According to Naumov, financing is often less difficult as well. “It is easier to secure a loan when swapping because you are selling and buying on the same day,” he explains. “You pay off your loan straight away. Selling in the traditional way means that if you have a current mortgage, you have to qualify for a new mortgage that takes the current mortgage into consideration.”
Hughes argues that the market is also more transparent and accurate. “The completion of our renovation coincided with the property crash and this made valuation difficult,” he says of his Spanish water mill. “We spoke to various estate agents who said it was difficult putting a price on our property because it was one of the finest historical buildings in the area. So we were interested to see what people would be prepared to offer us and there has been far more interest generated by this method.”
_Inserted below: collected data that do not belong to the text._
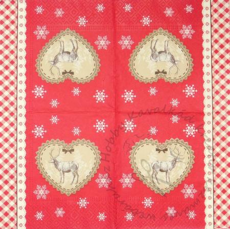 Szalvéta Szarvas szívben, piros alapon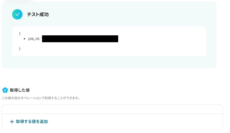 テストが成功すると、取得した値が入ります。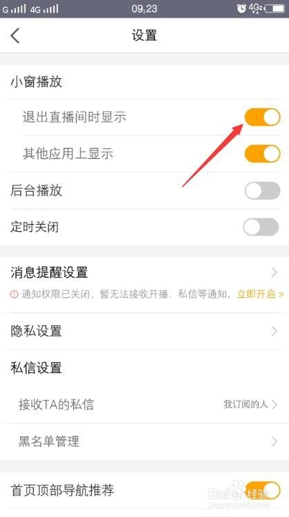 设置中小窗播放,此中将推出直播间时显示开启状况将其封闭。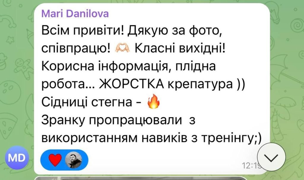 Добрий день, Марія! Сертифікат отримано. Дякую ВАМ за надану можливість удосконалити свої знання. Я отримала потрібні уроки і розуміння того як слід робити справи людям похилого віку, щоб не нашкодити, а навпаки зміцнити здоров’я. Велика подяка Борису, він викладає цікаво і вміє донести найважливіше. Не дивлячись на мій вік, я відчувала емоційний підйом, хороший настрій і бадьорість духу. Бажаю щоб ви і надалі долучали більше людей до здорового способу життя.❤️

There are disadvantages too, of course. To facilitate a swap and pull it all together is complicated. Closing the deal often takes longer than the traditional 30 days for a sale in the US, extending to 45 days in many cases. And there is no sidestepping real estate lawyers or conveyancers to make sure any deal is legally binding and registered with the relevant government bodies.
But those people who have traded successfully sing the praises of the process. Take Alice McLaughlin, who watched her stunning New Hampshire log home languish on the traditional market for six months. When she posted the property on a swapping site, “we immediately had interest and have now made an agreement with a swapper [in] Hawaii, our ultimate destination. This has been a very easy way to achieve a win/win situation, save money and get our house sold in a timely manner. House swapping has allowed us to sell our home without all of the hassle.”
So if you fancy the idea of trading your home for Abbott’s Irish cottage, complete with boat, you can reach him via EasyHouseExchange.com. “I’m open to offers,” he says, in the true spirit of permanent property exchange.